Is it ever God’s will for bad things to happen?
Sometimes God permits bad things to happen that typically would not be His will for the sake of the good that He knows will come out of it. Examples of this abound in the Scriptures and history: Adam’s sin brought death and condemnation to the world, but out of that, God revealed to the world His precious attributes of mercy, grace, and lovingkindness.

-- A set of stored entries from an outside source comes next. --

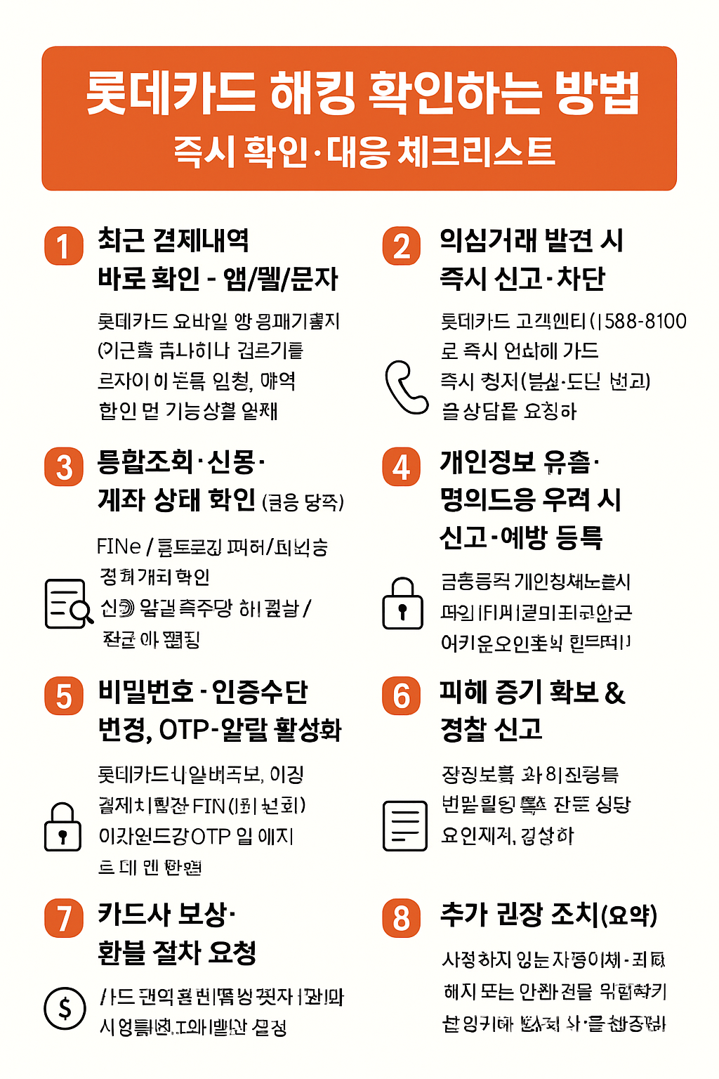 - 롯데카드 모바일 앱 또는 홈페이지에 로그인해 최근 이용내역(결제일시·가맹점·금액)을 하나하나 검토하세요. 본인이 모르는 해외승인·심야·낯선 가맹점 거래가 있으면 의심입니다.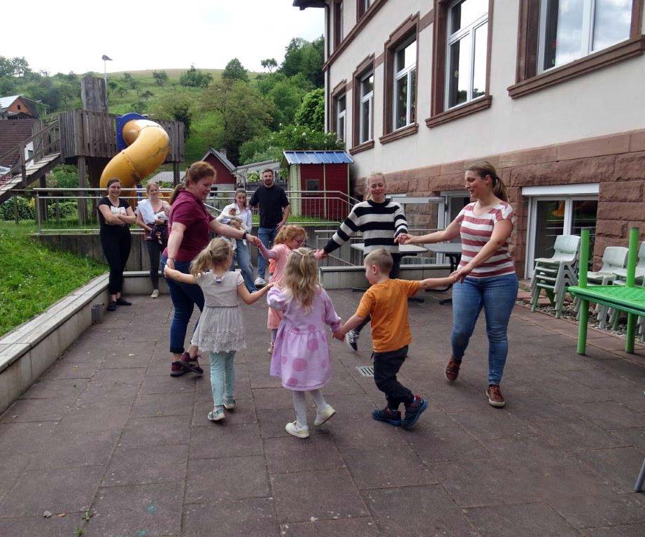 Gegen Ende des Nachmittags war die Aufregung nochmals groß, denn die einstudierten Tänze wurden nun den Eltern auf der Terrasse im Kindergartenhof vorgeführt.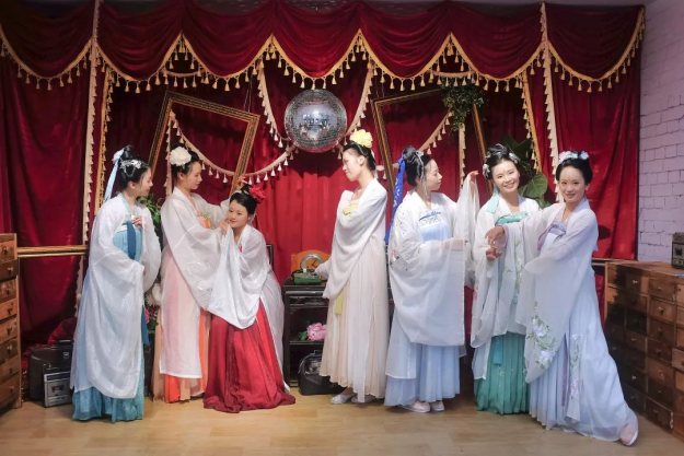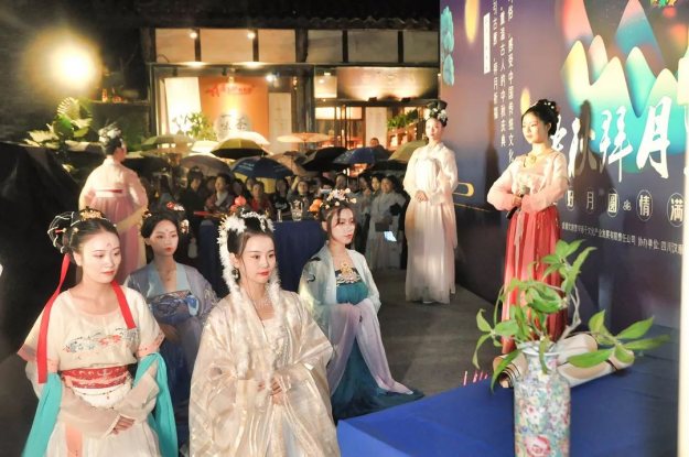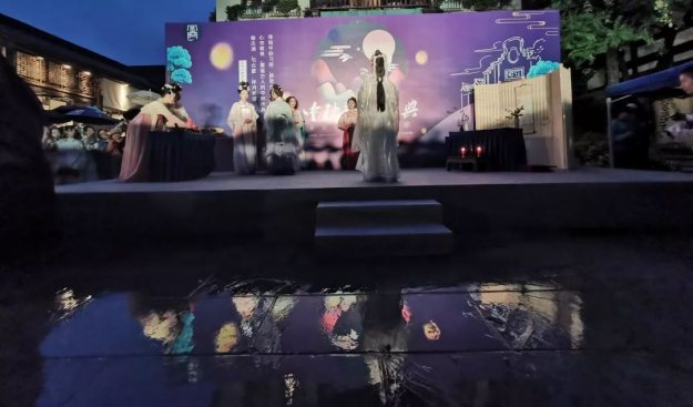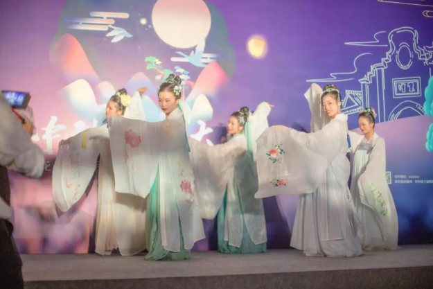 如此良辰美景,当然要有节目助兴。当天晚上四川汉服的保留节目《鹊桥仙》再次呈现在大家的眼前。七位美丽的仙子,在月下翩翩起舞,婀娜多姿,让汉服的雅与舞蹈的美完美展现。

Joseph’s betrayal by his brothers and his sufferings in Egypt led to help for the brothers and their families when the famine came to the land. “But as for you, ye thought evil against me; but God meant it unto good, to bring to, as it is this day, to save much people alive” (Genesis 50:20).
Against the four-fold warning from God not to go there, Paul’s trip to Jerusalem brought prison and death for Paul but prison letters for the Church (Philippians 1:12).
The “fall” of Israel brought nearly 2,000 years of spiritual blindness and suffering to the Jews but salvation to the Gentiles (Romans 11:11-15).
In World War II, the persecution of the Jews caused the nations to briefly take pity and provide the Jews a homeland in the Middle East (in fulfillment of prophecy).
The Lord’s death on Calvary brought life to sinners. (Acts 2:23, 13:27, 1 Peter 2:24-25).
In each of these cases, we can look back and see, in hindsight, that the will of God was done. His ways and plans are seldom clear to us in advance; nevertheless, they are always perfect (Deuteronomy 32:4). God is always wise and good in everything that He does (Romans 8:28).